* **RECORDS TO PROCESS**
○ ○ ○ ○ ○ ○ ○

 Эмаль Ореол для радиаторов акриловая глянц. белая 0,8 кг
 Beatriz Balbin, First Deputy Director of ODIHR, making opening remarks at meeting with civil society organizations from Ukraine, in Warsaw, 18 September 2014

○ ○ ○ ○ ○ ○ ○

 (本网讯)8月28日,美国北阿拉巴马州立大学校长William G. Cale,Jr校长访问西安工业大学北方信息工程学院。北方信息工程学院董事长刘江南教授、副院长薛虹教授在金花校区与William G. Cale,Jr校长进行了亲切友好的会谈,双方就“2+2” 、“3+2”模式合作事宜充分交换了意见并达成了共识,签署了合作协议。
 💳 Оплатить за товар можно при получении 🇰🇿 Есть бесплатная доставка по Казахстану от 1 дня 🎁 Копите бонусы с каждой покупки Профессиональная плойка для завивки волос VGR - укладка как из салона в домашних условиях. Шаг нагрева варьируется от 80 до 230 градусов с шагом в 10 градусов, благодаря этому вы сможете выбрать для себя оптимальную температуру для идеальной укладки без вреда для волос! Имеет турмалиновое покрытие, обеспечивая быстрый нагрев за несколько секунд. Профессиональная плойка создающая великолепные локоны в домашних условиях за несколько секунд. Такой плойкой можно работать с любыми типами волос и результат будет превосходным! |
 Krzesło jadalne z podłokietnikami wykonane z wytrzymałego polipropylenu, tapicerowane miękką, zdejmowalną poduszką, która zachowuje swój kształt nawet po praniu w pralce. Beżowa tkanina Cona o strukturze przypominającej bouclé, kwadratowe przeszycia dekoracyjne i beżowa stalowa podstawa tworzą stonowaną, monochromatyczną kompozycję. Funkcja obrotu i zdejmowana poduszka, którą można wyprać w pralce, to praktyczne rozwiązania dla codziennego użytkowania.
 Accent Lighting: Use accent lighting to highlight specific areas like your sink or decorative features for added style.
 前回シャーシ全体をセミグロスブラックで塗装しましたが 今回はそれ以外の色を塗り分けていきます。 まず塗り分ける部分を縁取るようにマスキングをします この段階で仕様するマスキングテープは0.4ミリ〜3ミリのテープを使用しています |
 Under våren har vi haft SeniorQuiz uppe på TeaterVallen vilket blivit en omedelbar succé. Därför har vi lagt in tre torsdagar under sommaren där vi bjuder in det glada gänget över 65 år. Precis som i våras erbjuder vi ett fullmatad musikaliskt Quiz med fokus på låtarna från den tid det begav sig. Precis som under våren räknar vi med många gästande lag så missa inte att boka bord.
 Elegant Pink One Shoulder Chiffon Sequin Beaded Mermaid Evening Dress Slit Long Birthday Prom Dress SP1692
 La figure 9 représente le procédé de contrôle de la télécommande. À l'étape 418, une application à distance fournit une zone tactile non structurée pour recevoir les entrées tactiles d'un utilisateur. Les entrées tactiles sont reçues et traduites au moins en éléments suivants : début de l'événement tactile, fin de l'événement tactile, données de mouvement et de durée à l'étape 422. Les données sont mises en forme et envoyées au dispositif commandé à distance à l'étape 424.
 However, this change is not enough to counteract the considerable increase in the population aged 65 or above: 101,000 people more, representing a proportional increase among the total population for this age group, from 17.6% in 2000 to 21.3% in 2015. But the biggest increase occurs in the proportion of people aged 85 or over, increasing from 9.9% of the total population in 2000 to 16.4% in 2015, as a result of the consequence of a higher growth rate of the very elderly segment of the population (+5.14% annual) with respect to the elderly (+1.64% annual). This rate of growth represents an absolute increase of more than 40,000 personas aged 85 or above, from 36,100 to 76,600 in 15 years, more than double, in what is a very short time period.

○ ○ ○ ○ ○ ○ ○

* **YOUR TASK**
Copy every line of the material in which the word "from" occurs.

* **YOUR SOLUTION**
 Beatriz Balbin, First Deputy Director of ODIHR, making opening remarks at meeting with civil society organizations from Ukraine, in Warsaw, 18 September 2014
 However, this change is not enough to counteract the considerable increase in the population aged 65 or above: 101,000 people more, representing a proportional increase among the total population for this age group, from 17.6% in 2000 to 21.3% in 2015. But the biggest increase occurs in the proportion of people aged 85 or over, increasing from 9.9% of the total population in 2000 to 16.4% in 2015, as a result of the consequence of a higher growth rate of the very elderly segment of the population (+5.14% annual) with respect to the elderly (+1.64% annual). This rate of growth represents an absolute increase of more than 40,000 personas aged 85 or above, from 36,100 to 76,600 in 15 years, more than double, in what is a very short time period.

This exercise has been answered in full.